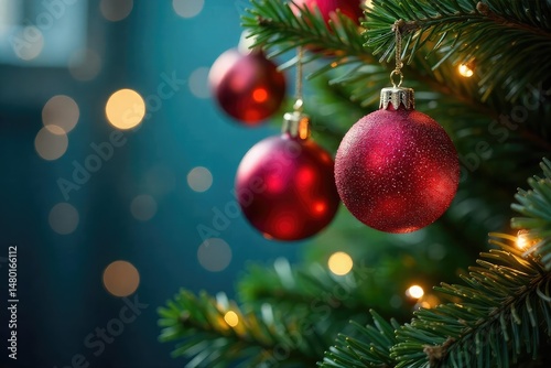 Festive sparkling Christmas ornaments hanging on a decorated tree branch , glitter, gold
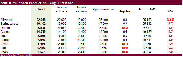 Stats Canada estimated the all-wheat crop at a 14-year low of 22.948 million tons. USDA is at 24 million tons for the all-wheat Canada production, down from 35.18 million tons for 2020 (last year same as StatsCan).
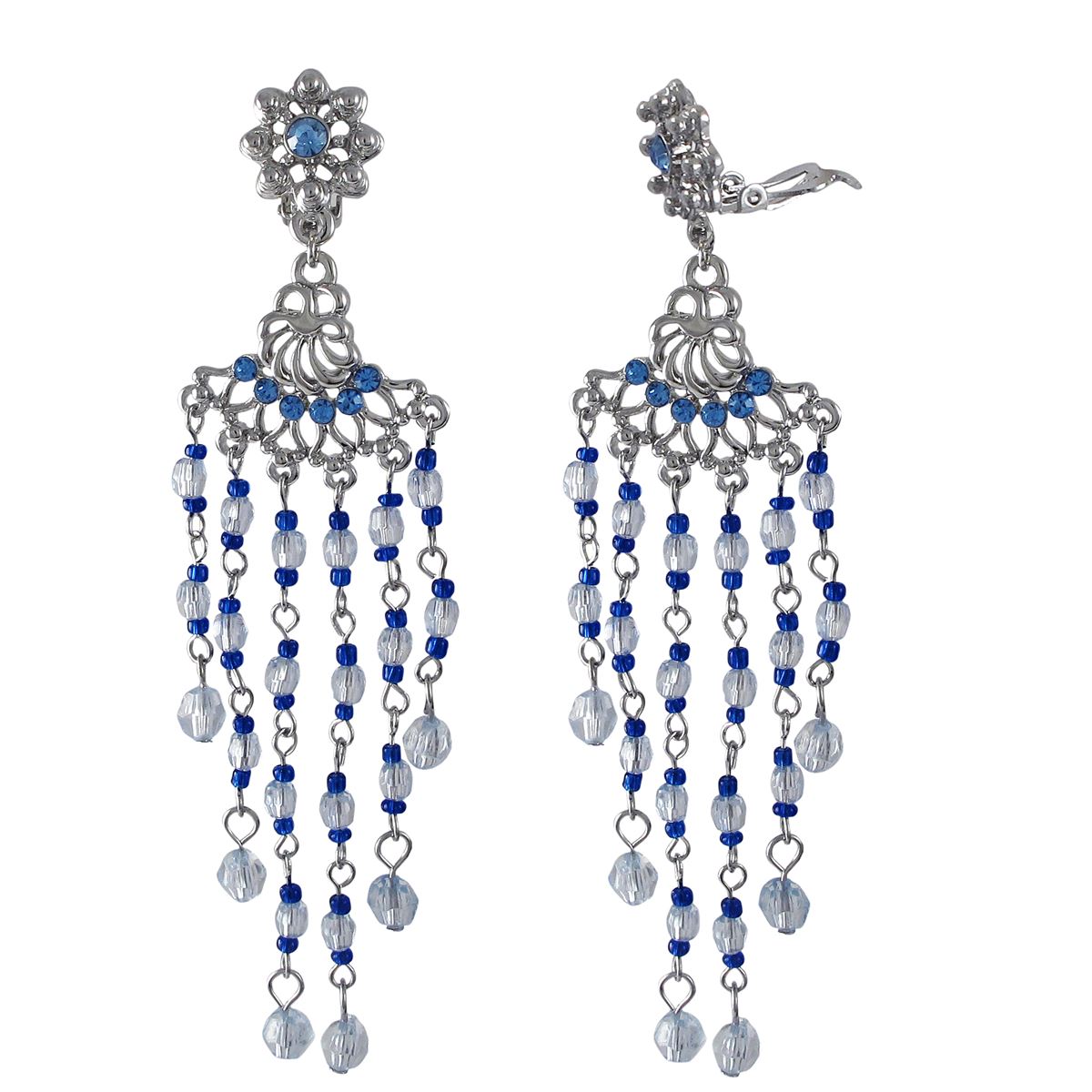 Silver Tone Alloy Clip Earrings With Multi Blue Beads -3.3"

● ● ● ●

* [Assignment]
Please reproduce the data above word for word, skipping all images.

* [Completed exercise]
 Festive sparkling Christmas ornaments hanging on a decorated tree branch , glitter, gold
 Stats Canada estimated the all-wheat crop at a 14-year low of 22.948 million tons. USDA is at 24 million tons for the all-wheat Canada production, down from 35.18 million tons for 2020 (last year same as StatsCan).
 Silver Tone Alloy Clip Earrings With Multi Blue Beads -3.3"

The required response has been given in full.